• **Given records**

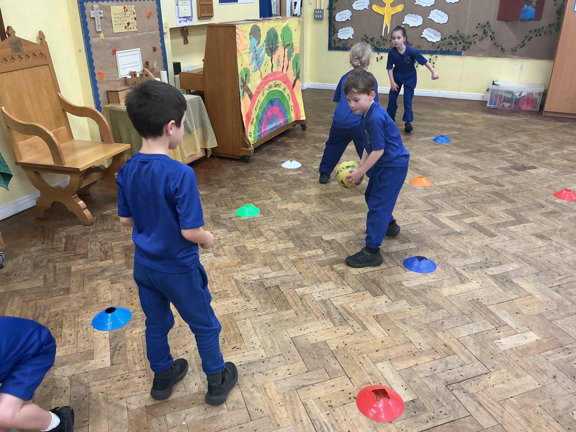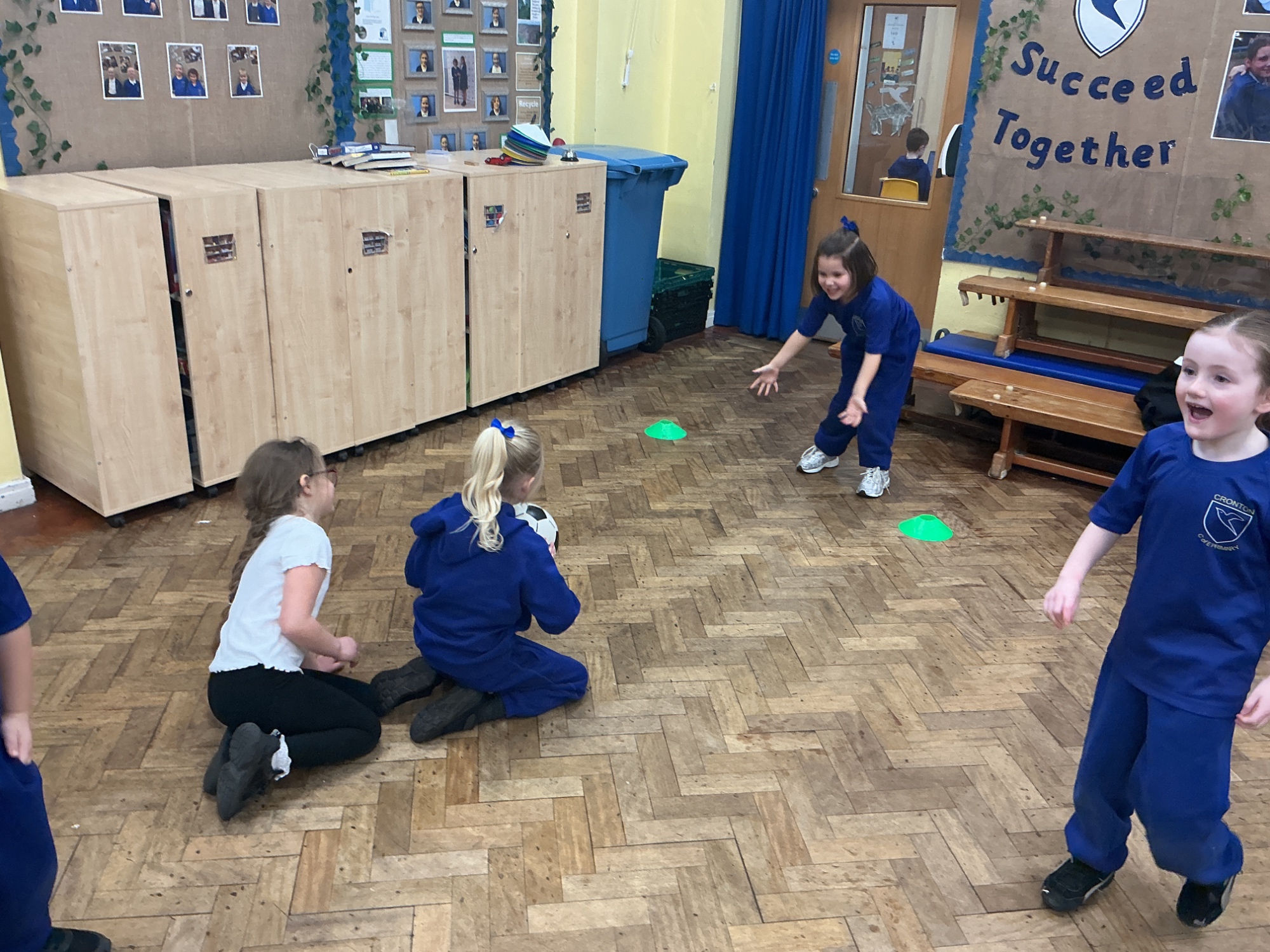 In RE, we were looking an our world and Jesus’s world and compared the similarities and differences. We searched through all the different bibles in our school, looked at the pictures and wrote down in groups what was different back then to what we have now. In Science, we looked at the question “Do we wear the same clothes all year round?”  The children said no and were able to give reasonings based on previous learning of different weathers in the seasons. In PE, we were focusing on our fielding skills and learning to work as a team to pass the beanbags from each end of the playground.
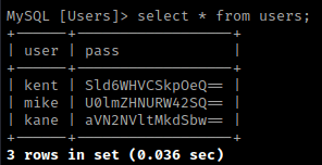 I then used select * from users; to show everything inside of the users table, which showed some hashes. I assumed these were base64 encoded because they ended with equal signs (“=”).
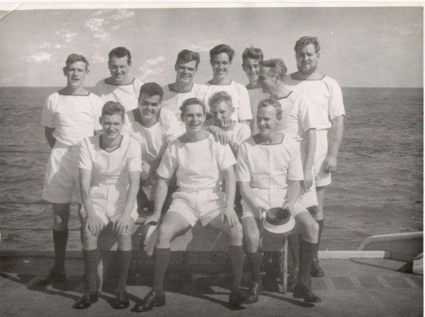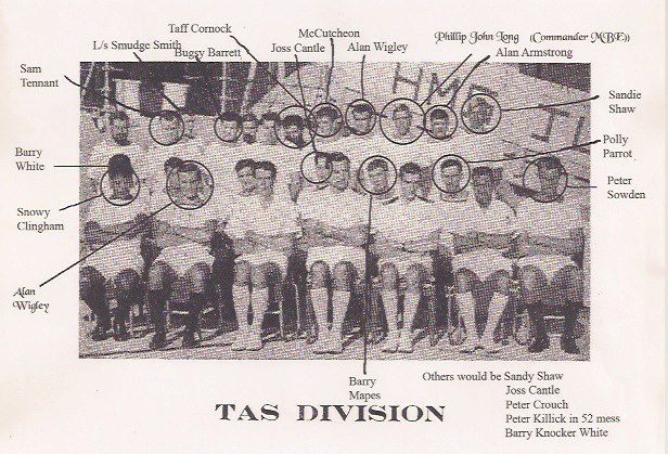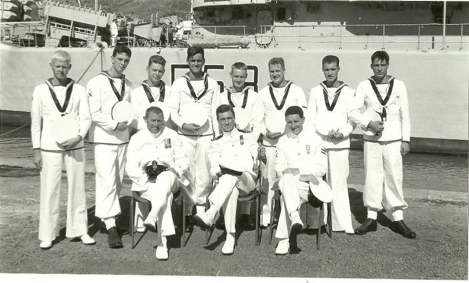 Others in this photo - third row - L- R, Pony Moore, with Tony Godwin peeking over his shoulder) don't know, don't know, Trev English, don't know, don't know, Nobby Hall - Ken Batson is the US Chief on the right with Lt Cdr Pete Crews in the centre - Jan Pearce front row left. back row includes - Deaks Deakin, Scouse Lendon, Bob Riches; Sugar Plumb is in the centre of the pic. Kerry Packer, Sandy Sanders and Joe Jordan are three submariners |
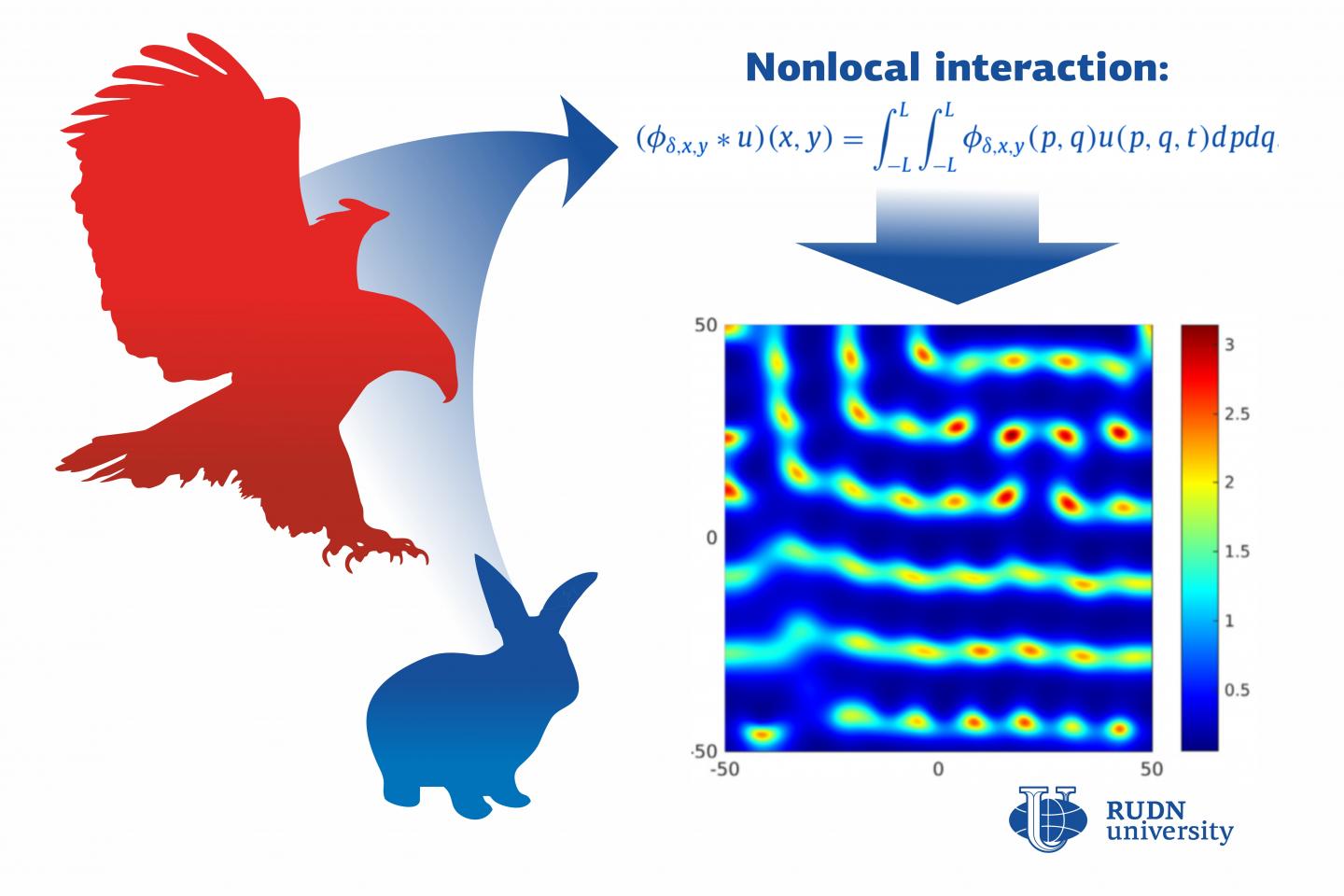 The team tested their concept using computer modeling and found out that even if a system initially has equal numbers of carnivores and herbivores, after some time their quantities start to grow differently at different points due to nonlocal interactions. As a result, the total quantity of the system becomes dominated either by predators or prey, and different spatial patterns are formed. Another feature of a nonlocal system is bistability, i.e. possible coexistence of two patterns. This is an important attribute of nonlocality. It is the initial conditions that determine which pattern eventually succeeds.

--

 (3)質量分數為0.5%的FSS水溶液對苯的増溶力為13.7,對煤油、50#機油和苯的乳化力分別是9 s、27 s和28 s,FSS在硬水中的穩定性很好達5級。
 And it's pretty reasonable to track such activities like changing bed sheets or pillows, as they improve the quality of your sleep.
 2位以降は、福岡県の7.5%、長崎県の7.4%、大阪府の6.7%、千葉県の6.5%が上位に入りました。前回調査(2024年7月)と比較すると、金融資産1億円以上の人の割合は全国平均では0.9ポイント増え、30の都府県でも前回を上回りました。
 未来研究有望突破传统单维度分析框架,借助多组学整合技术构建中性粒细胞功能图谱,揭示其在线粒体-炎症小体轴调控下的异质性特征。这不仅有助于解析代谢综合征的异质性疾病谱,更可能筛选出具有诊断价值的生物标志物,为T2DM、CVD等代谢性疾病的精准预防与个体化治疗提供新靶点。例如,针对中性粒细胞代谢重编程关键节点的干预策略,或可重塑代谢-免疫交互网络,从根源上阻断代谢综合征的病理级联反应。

• **The problem**
Taking the entries above, extract every line from the one bearing "In RE, we were" through the one bearing "Others in this", exactly, with no pictures.

• **Solution for this problem**
 In RE, we were looking an our world and Jesus’s world and compared the similarities and differences. We searched through all the different bibles in our school, looked at the pictures and wrote down in groups what was different back then to what we have now. In Science, we looked at the question “Do we wear the same clothes all year round?”  The children said no and were able to give reasonings based on previous learning of different weathers in the seasons. In PE, we were focusing on our fielding skills and learning to work as a team to pass the beanbags from each end of the playground.
 I then used select * from users; to show everything inside of the users table, which showed some hashes. I assumed these were base64 encoded because they ended with equal signs (“=”).
 Others in this photo - third row - L- R, Pony Moore, with Tony Godwin peeking over his shoulder) don't know, don't know, Trev English, don't know, don't know, Nobby Hall - Ken Batson is the US Chief on the right with Lt Cdr Pete Crews in the centre - Jan Pearce front row left. back row includes - Deaks Deakin, Scouse Lendon, Bob Riches; Sugar Plumb is in the centre of the pic. Kerry Packer, Sandy Sanders and Joe Jordan are three submariners |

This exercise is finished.